Tuesday, January 17, 2006

The Dubai Fantasy...Dubai! Dubai! Dubai!


Recently an Egyptian lady from the old Cairo aristocracy was shopping at Harrods in Central London.

Indeed rich Arabs shop there. After all it is the pyramid of luxury owned by the Pharaoh of London, Mohammed El Fayed whose face was used as a model for the sphinxes decorating a large section of the shop.

When the Cairo patrician stopped to buy her perfume from the ladies cosmetics department on the ground floor, a recently hired young and wide-eyed saleswoman asked her where she came from and very proudly the fur-clad Egyptian said: “Egypt” with an Al Fayed innuendo.
Innocently the saleswoman asked with an Essex accent: “oh, lovelay, ees it far frum Dubaaai”.

The lady was shocked, outraged and electrified: “Dubai! Dubai! Dubai! is only 20 years old my child with barely anyone living there, while we, the Egyptians, are a 7 millennia old nation with 70 million people. We are history, they are …you are…” she dropped the perfume and walked away.

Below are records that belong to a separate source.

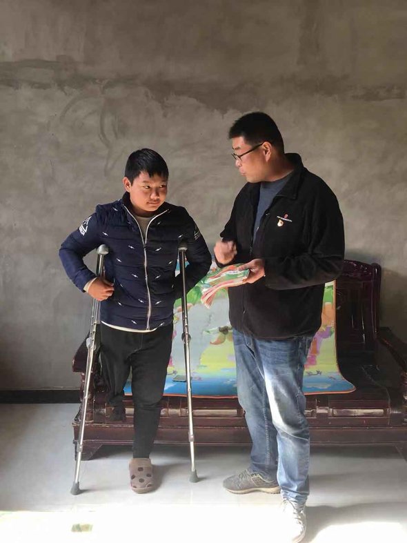 2018年10月4日,李霄在北丁莊村走訪,發(fā)現(xiàn)丁振偉輟學(xué)在家。原來(lái),丁振偉在縣城一所民辦學(xué)校讀書,成績(jī)優(yōu)異,七年級(jí)時(shí)患病,四處求醫(yī)一年多,最終右腿高位截肢才保住性命,一直在家休養(yǎng)。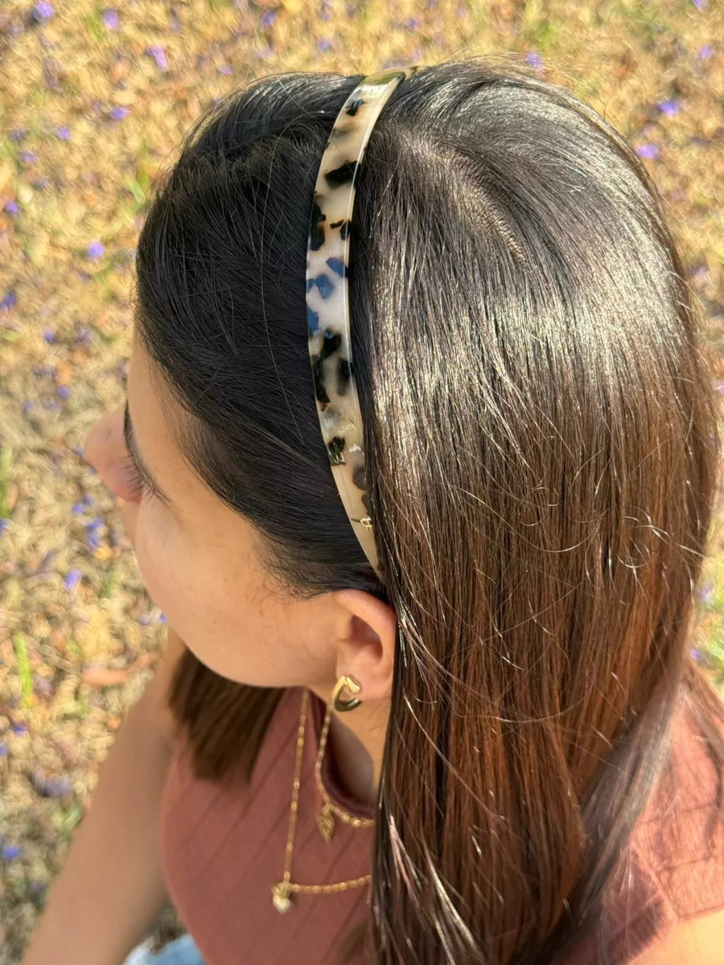 A Tiara de Acetato - Ayla é vendida por preço individual, correspondendo a somente 1 unidade, com largura de 1 cm.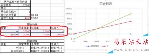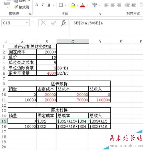 1、如圖所示,表格中紅色數字都要通過公式輸入。公式已標出。這樣處理是為了下面通過控件來使Excel盈虧平衡圖進行動態分析。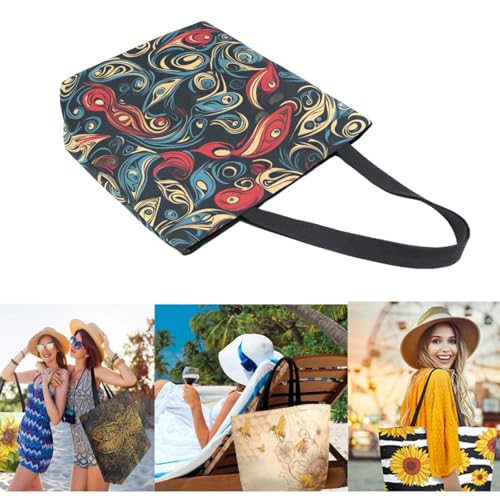 Ethnic Blue Red Decorative Fish Extra Large Canvas Gym Shoulder Tote,Durable Daily Reusable Top Handle Bag for Mens Womens Yoga Weekender Picnic Beach Travel Market Shopping 6
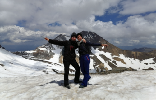 Les week-ends nous ne perdons pas le rythme adopté depuis le début : monastères, randos, restos, nuit chez l’habitant et rires ! Absolument conquise par ce pays, je ne me lasse pas de tant de beaux et variés paysages. 3 jours de week-end dans le Sud, me font tomber amoureuse du monastère de Noravank : entouré de roches orangées, j’en reste ébahie quelques temps avant de poursuivre la route vers Goris et ses habitations troglodytes en passant par des cascades magnifiques. L’ascension du mont Aragat avec Charlotte, nous fait plonger dans une atmosphère tout autre, montée en raquette et à pied, descente en luge sans luge !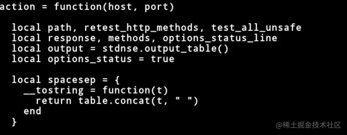 在自己写之前,我们先以http-method这个脚本为例看看主体结构是什么样的。Windows下用nodepad plus打开D:\Program Files (x86)\Nmap\scripts\http-methods.nse。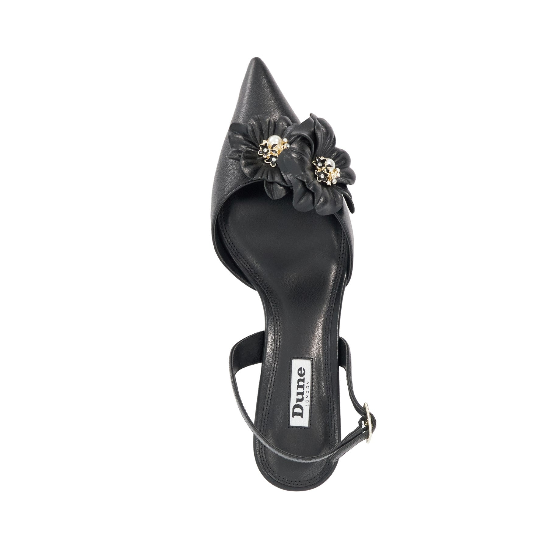 A feminine design featuring our signature floral detailing on the front, add an element of sophistication to your evening ensembles with our Cassandra kitten heels. Embellished with two ornate pearl and enamel detail floral corsages, this romantic style rests on a comfortable kitten heel making it the perfect day to evening option. Complete with a diamante emellished adjustable sling strap.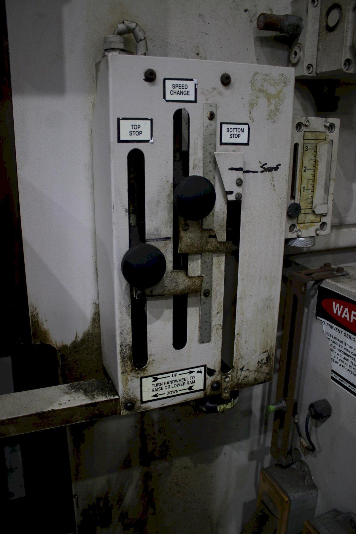 SERIAL ......................... TH4-105 MODEL .......................... THS100-144 YEAR NEW ....................... 2000 CAPACITY ....................... 100 TON OVERALL LENGTH OF BED & RAM .... 144" DISTANCE BETWEEN HOUSING ....... 126-1/2" STROKE ......................... 0 - 8" OPEN HEIGHT .................... 17" CLOSED HEIGHT .................. 9" DEPTH OF THROAT ................ 7" RAM SPEED APPROACH ............. 300 IPM RAM SPEED FORMING .............. 20 IPM RAM SPEED RETURN ............... 200 IPM ADJ STROKE STOP LIMITS ......... YES DUAL FOOT PEDALS .............. YES AUTO LUBE ..................... YES MILLED & DRILLED FOR ANGLES ... YES MOTOR ......................... 10 HORSEPOWER |
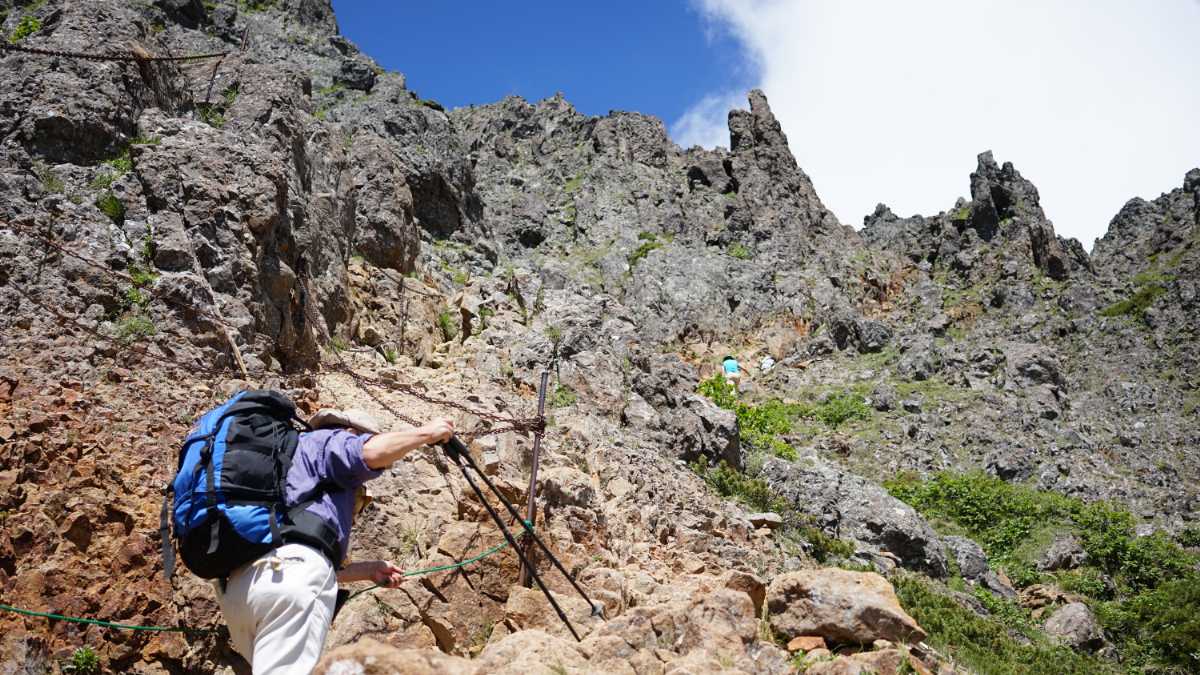 ただし、稜線は山の一番角度が高い頂上を横づたいに歩くので、道がけわしい・・・。

Dubai is indeed the best marketed city in the world. It has become a brand thanks to the “product” itself and its very astute marketing policy. Tens of millions of dollars is spent everywhere in the world every year on Dubai, Emirates airlines, Dubai airport and many other ventures.
At least once a week Dubai is in the news thanks to a new mega project or some other mega event or because its government spent a mega amount of money to buy a world known asset or company.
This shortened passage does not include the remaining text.